Elizabeth Abegg, director of Spell and the Gypsy Collective, talks eCommerce and ethics. Catch her at Online Fashion Success in June.

What is your day to day role?

I am an owner and director of Spell. As a small business that can mean doing everything. But as we’ve grown and now have a very strong team, its more about overseeing every angle of the business.

This is everything from design decisions, to conceptualising our campaigns, to HR, social media and brand management.

Right now, I have been focusing a lot on ethics and sustainability in our business as it is very important to me and to our customers.

What do you see as the biggest change in the industry?

I think one of the biggest changes to the fashion industry is also one of the best changes. That is customer awareness around ethics and sustainability in an industry that has a lot to answer for.

Around 18 months ago, we started on our own ethics and sustainability journey and it’s been both humbling and very exciting.

When you’re a start up with no money, it’s often hard to put efforts in those areas when you’re struggling to survive.

But once you’re turning a profit, it becomes very apparent very quickly that you have to do every single thing you can to become part of the solution.
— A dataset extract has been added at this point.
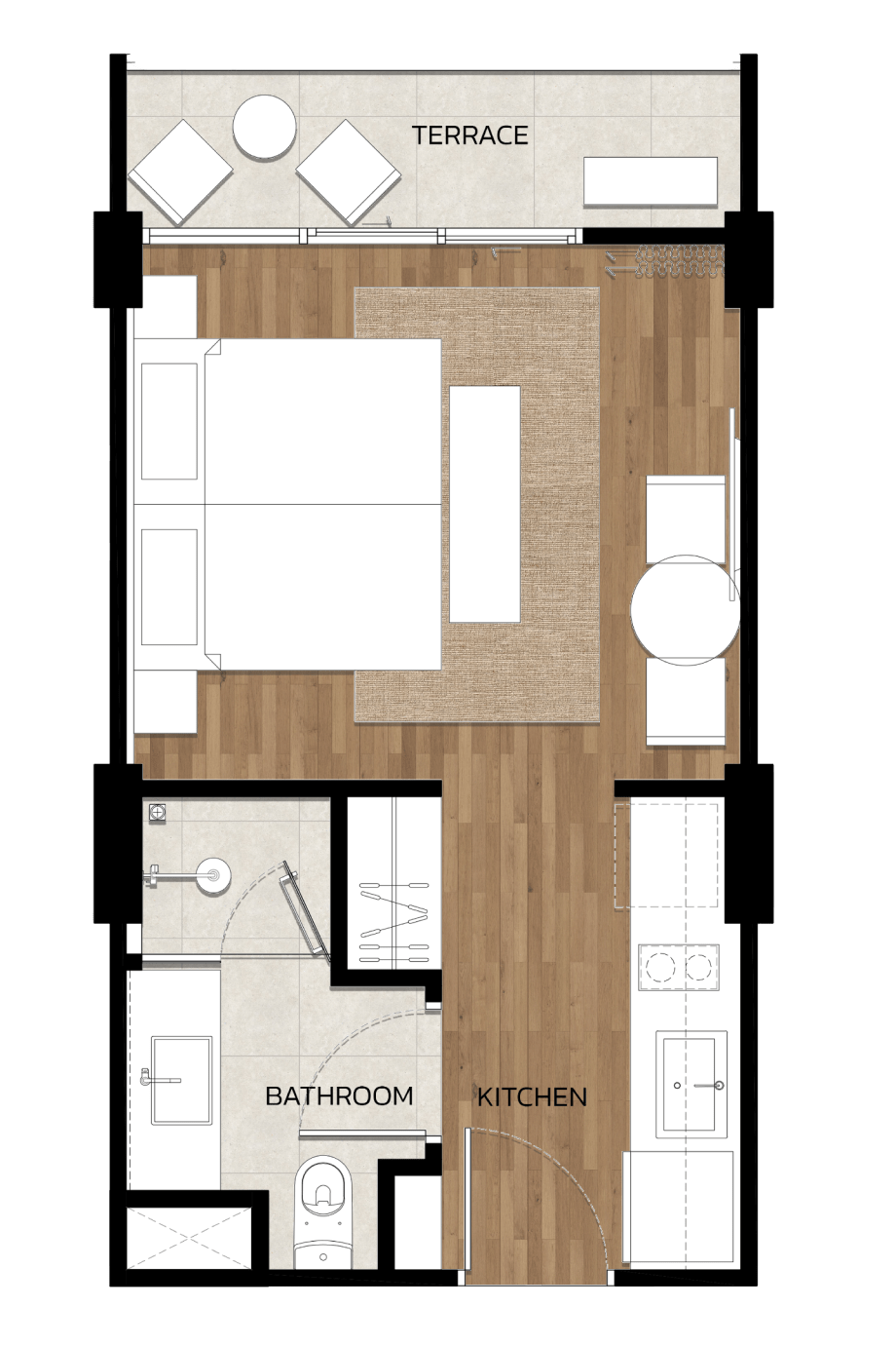 | | №1 Апартаменты в курортном комплексе на Банг Тао, Пхукет | | Новый комплекс апартаментов, расположенный в престижном и активно развивающемся районе Банг Тао на Пхукете, предлагает уникальную возможность для комфортного проживания и выгодных инвестиций. Проект находится всего в 1 км от знаменитого пляжа Банг Тао, что делает его идеальным выбором для тех, кто ценит близость к морю и современную инфраструктуру. Комплекс включает 614 юнитов, среди которых студии, апартаменты с одной, двумя и тремя спальнями. | | | | | | | срок сдачи: 1 кв. 2028 г. | | | | | Апартаменты 1+0 | - планировка студия

A year ago, we made a commitment that we wouldn’t be working with any factories which are not ethically accredited by a third party auditing body such as Sedex, WRAP, SAI or BSCI by July 2017.

We’ve worked closely with all our factories and we’re almost 100% there.

What do you see as the biggest change ahead?

This year we have turned our eye to building relationships with not-for- profit artisan groups who give back to the communities where our clothes are made. We are also striving for a more sustainable product through exploration of organics and natural dying techniques for our childrenswear category ’Spell and the Little Gypsies’.

It’s still early days but it feels very powerful when even small changes you make as a business can have a huge impact in the world we live in. This year one of our focuses is not only making beautiful things that people want to buy, but proudly sharing the story of where they came from.

What is the most rewarding aspect?

New ideas and implementing them. Sometimes, I feel like the maestro conductor in front of a really talented and passionate orchestra. Like waving my hands and just watching all this incredible stuff be created from nothing; from designs, photoshoots, marketing concepts, storytelling.

What about the most challenging?

Navigating rapid growth while still holding true to our core values of authenticity, family and community, generosity and responsibility.

Leading up to 2015, it felt like all the wheels were about to fall off so we actively slowed growth to put systems and management we needed in place.

But as we loosened the reigns and let the growth begin again in 2016, the speeding train just kind of took off again.
There have been some pretty monumental learning curves along the way – where do I even start?

Personally I’ve found that the best way to deal with them have been with fierce vulnerability and transparency to our customers.

What's your proudest moment at the company?

The proudest moments are watching the way my team come together as a family during challenges.

In those dark moments, when it feels like all hell is breaking loose, I see my team rise up like this incredibly beautiful phoenix and do the right thing for our customers and for our brand.

Those are the proud moments.

Winning the Telstra Business Awards last year was an amazing outward validation for all of us, but it’s those internal, private moments that get kind of etched in your memory as a business owner.